* TASK ITEM *
Set down every entry word for word. Omit the pictures.

(Records contained in a dataset)
================

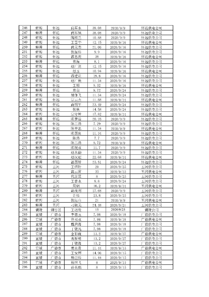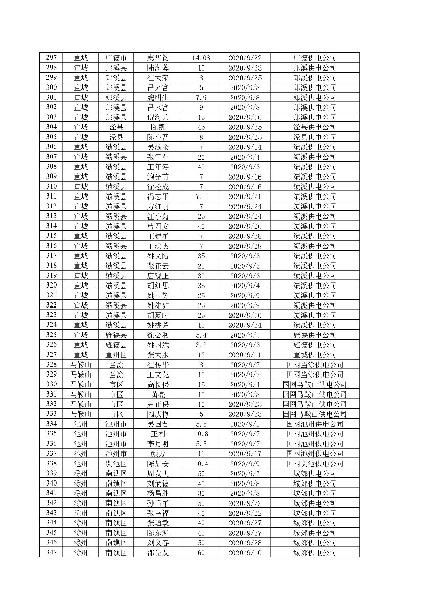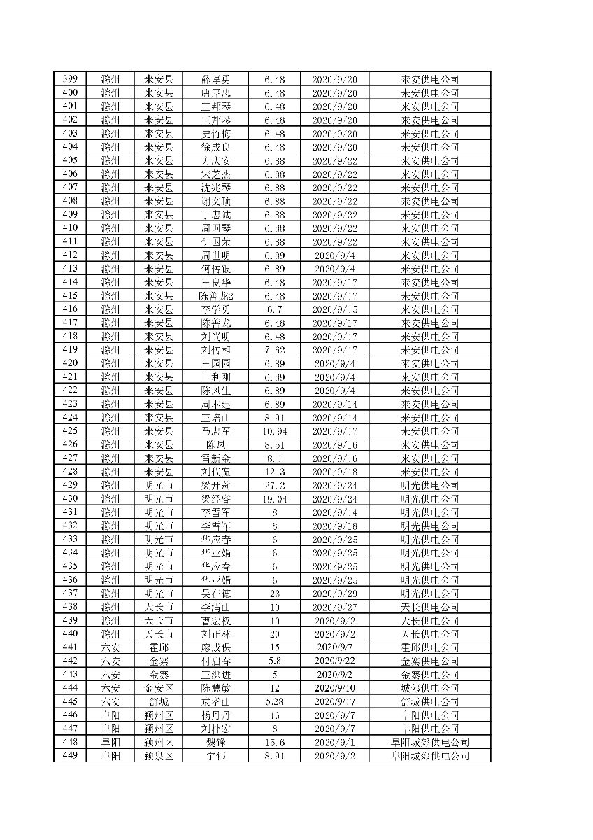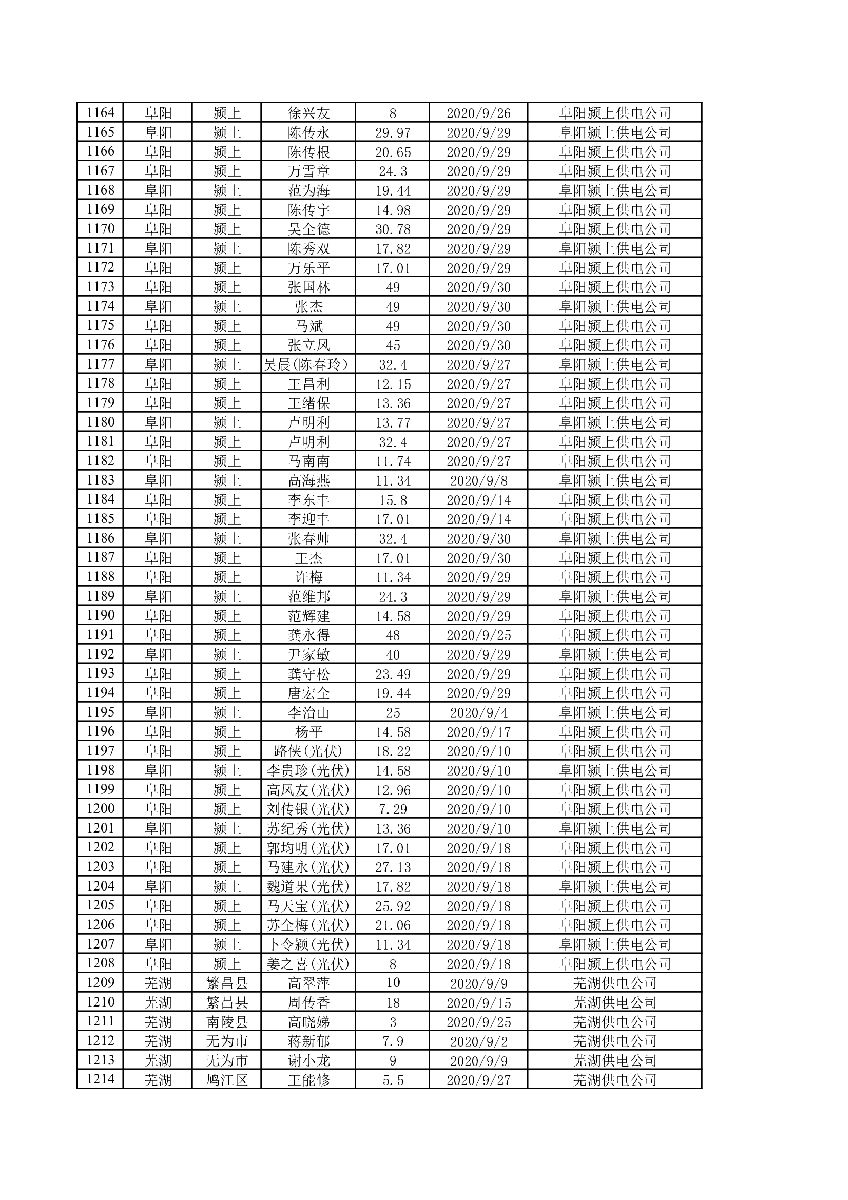 2020年10月10日,安徽省9月纳入2020年国家财政补贴规模户用光伏项目装机容量统计表发布。
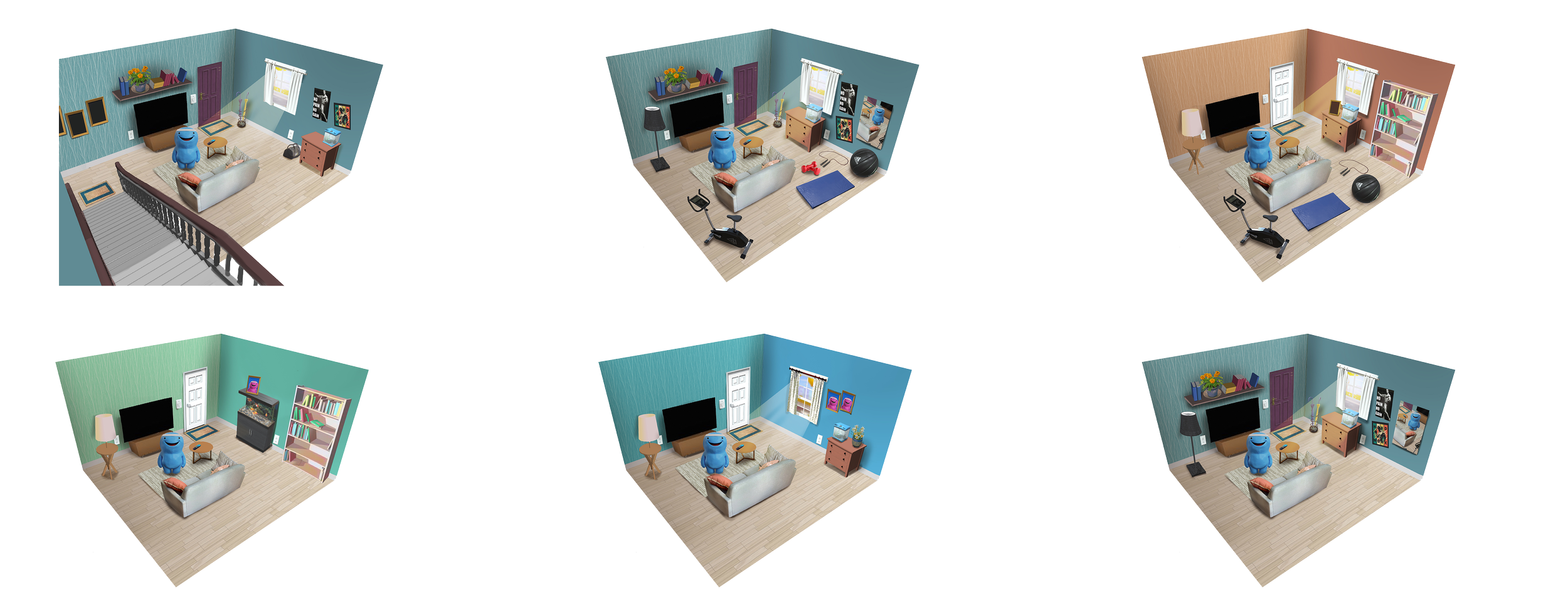 Building on the assets created for the previous campaign, our team dived into designing the inside of Will’s home. Naturally, he needed the essentials: a massive television and a sofa you could sink into. But the real fun was everything in between. What colours would he choose for his space? What kind of rug would suit him? And, of course, where would someone like Will keep his legendary collection of headbands?
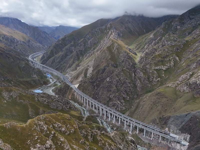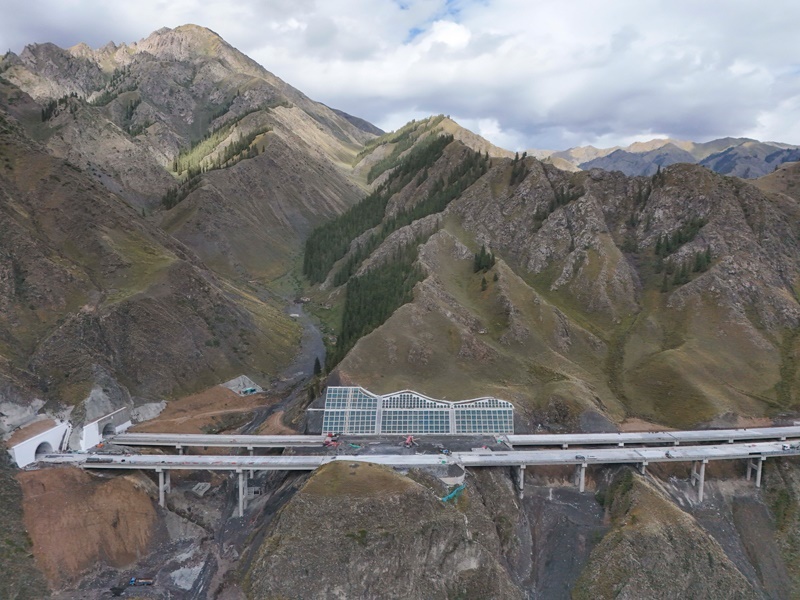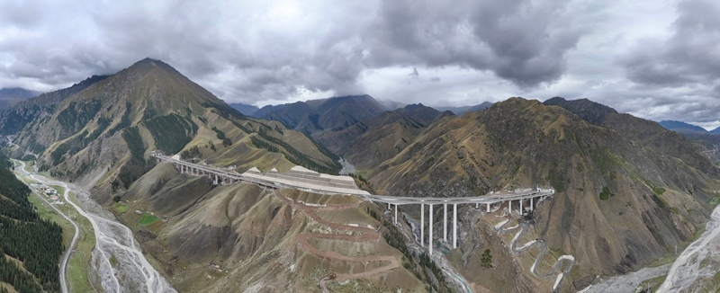 新疆烏尉高速公路穿越天山山脈(8月19日攝,無(wú)人機(jī)全景照片)。
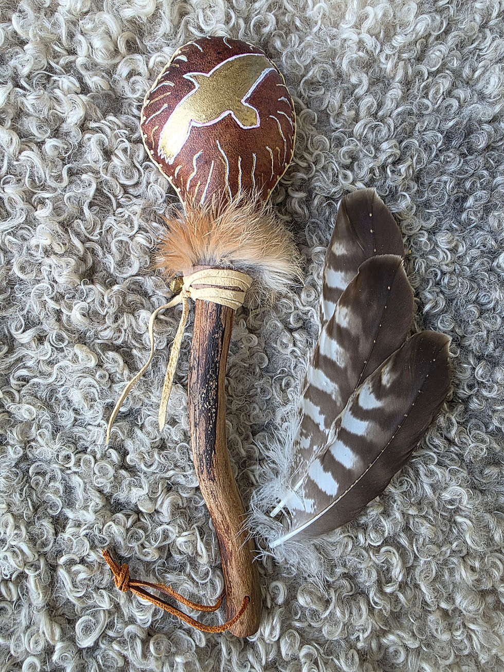 Ett kraftverktyg eller medicinverktyg kan vara en skallra, featherfan eller en påse att ha dina magiska stenar i, örtknyten snäckor eller annat som är "heligt" för dig att ha i behandling eller ceremoni.
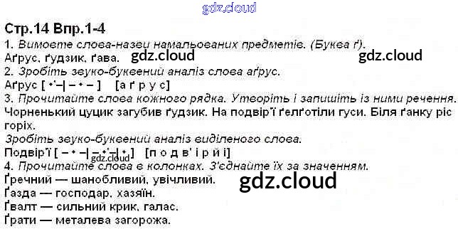 Ответ на задание 14 Учебник Украинский язык за 1 (первый) класс Захарийчук 2012 онлайн и без номера телефона.
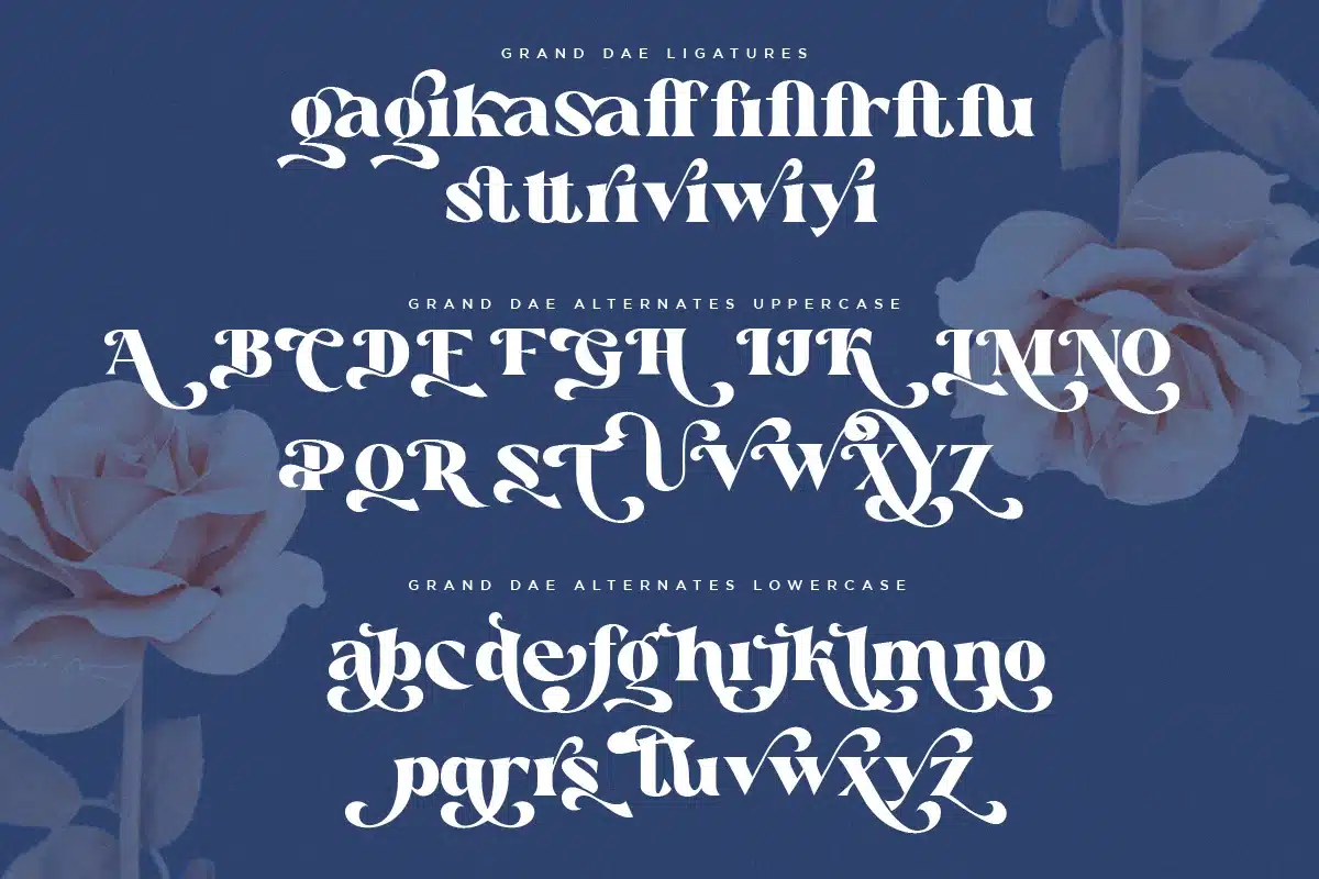 Grand Dae is unique as it can be used for a variety of design styles. It fits in wonderfully for free-spirited, boho designs and also for more classy editorial looks! There are a lot of fun stylistic alternates available to use with this font. These letters are embedded into the font file and easily accessible in programs such as photoshop and illustrator.
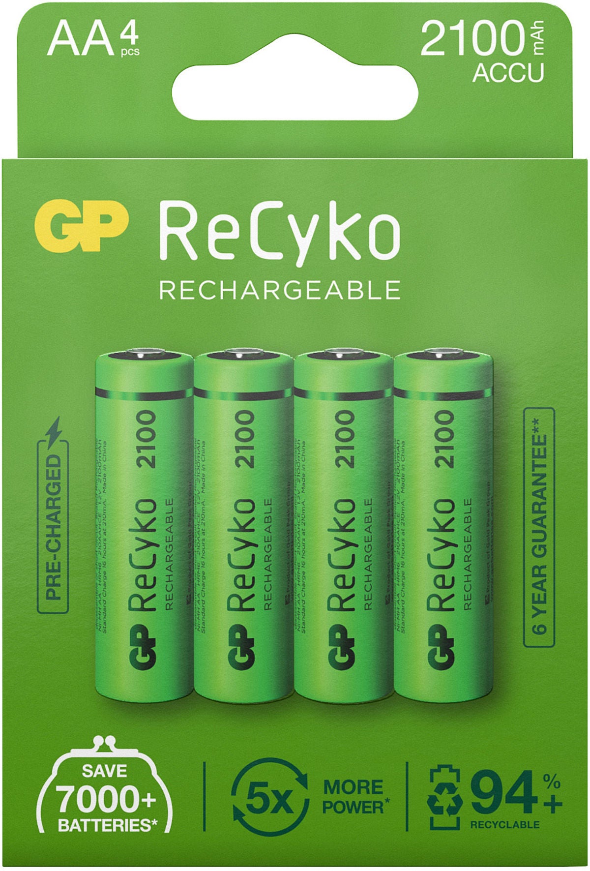 En pakke med 4 genopladelige batterier fra ReCyko. Batterierne er opladede og klar til brug, men kan genoplades hundredvis af gange. Batterierne har et lavet selvudslip og kan holde ladningen i op til et år, hvis de ikke bruges. GP Recyko er et godt valg for både dig og miljøet! - Batteritype: NIMH ReCyko - Kapacitet (mAh): 2100 - Spænding (Volt): 1.2 V
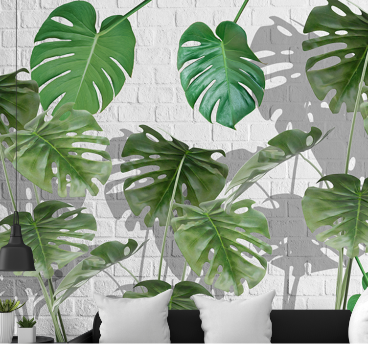 Transforma tu espacio con el papel pintado naturaleza arreglo de hojas monstera, donde el verdor exuberante se mezcla con un diseño tropical encantador. Las hojas vibrantes y el fondo de ladrillos aportan un toque fresco y acogedor a cualquier habitación, creando un ambiente ideal para relajarte y disfrutar. ¡Este diseño es perfecto para los amantes de la naturaleza!
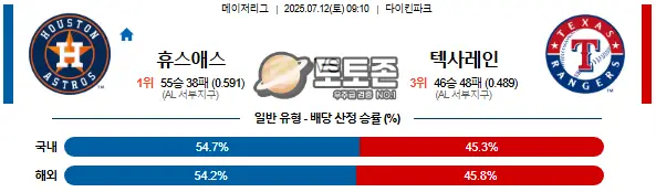 07월 12일 MLB 경기, 휴스턴 애스트로스와 텍사스 레인저스 맞대결 분석. 선발 투수 상황, 불펜 현황, 타격력 및 경기 승패 전망과 예상 스코어, 베팅 전략을 상세하게 제공합니다.
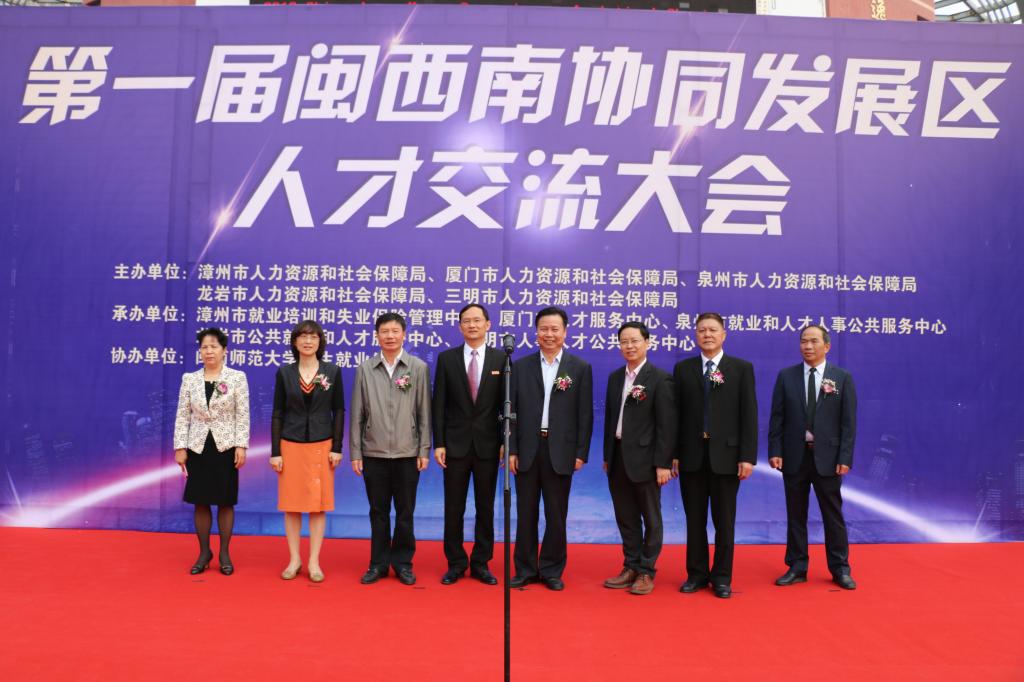 為深化閩西南協同發展區人才合作,搭建人才交流平臺,促進區域人才資源共享和優化配置,12月1日上午,第一屆閩西南協同發展區人才交流大會在我校弦歌廣場舉行。漳州市人民政府副市長謝毅泰,我校長李順興、副校長林致遠等領導出席活動,漳州、廈門、泉州、龍巖、三明等五地市人社局和我校相關部門負責人參加大會。
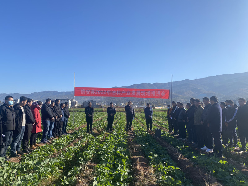 1月1日上午,姚安县在栋川镇清河村委会召开2022年油料产业发展现场推进会。

================

* SOLUTION TO THE PROBLEM *
 2020年10月10日,安徽省9月纳入2020年国家财政补贴规模户用光伏项目装机容量统计表发布。
 Building on the assets created for the previous campaign, our team dived into designing the inside of Will’s home. Naturally, he needed the essentials: a massive television and a sofa you could sink into. But the real fun was everything in between. What colours would he choose for his space? What kind of rug would suit him? And, of course, where would someone like Will keep his legendary collection of headbands?
 新疆烏尉高速公路穿越天山山脈(8月19日攝,無(wú)人機(jī)全景照片)。
 Ett kraftverktyg eller medicinverktyg kan vara en skallra, featherfan eller en påse att ha dina magiska stenar i, örtknyten snäckor eller annat som är "heligt" för dig att ha i behandling eller ceremoni.
 Ответ на задание 14 Учебник Украинский язык за 1 (первый) класс Захарийчук 2012 онлайн и без номера телефона.
 Grand Dae is unique as it can be used for a variety of design styles. It fits in wonderfully for free-spirited, boho designs and also for more classy editorial looks! There are a lot of fun stylistic alternates available to use with this font. These letters are embedded into the font file and easily accessible in programs such as photoshop and illustrator.
 En pakke med 4 genopladelige batterier fra ReCyko. Batterierne er opladede og klar til brug, men kan genoplades hundredvis af gange. Batterierne har et lavet selvudslip og kan holde ladningen i op til et år, hvis de ikke bruges. GP Recyko er et godt valg for både dig og miljøet! - Batteritype: NIMH ReCyko - Kapacitet (mAh): 2100 - Spænding (Volt): 1.2 V
 Transforma tu espacio con el papel pintado naturaleza arreglo de hojas monstera, donde el verdor exuberante se mezcla con un diseño tropical encantador. Las hojas vibrantes y el fondo de ladrillos aportan un toque fresco y acogedor a cualquier habitación, creando un ambiente ideal para relajarte y disfrutar. ¡Este diseño es perfecto para los amantes de la naturaleza!
 07월 12일 MLB 경기, 휴스턴 애스트로스와 텍사스 레인저스 맞대결 분석. 선발 투수 상황, 불펜 현황, 타격력 및 경기 승패 전망과 예상 스코어, 베팅 전략을 상세하게 제공합니다.
 為深化閩西南協同發展區人才合作,搭建人才交流平臺,促進區域人才資源共享和優化配置,12月1日上午,第一屆閩西南協同發展區人才交流大會在我校弦歌廣場舉行。漳州市人民政府副市長謝毅泰,我校長李順興、副校長林致遠等領導出席活動,漳州、廈門、泉州、龍巖、三明等五地市人社局和我校相關部門負責人參加大會。
 1月1日上午,姚安县在栋川镇清河村委会召开2022年油料产业发展现场推进会。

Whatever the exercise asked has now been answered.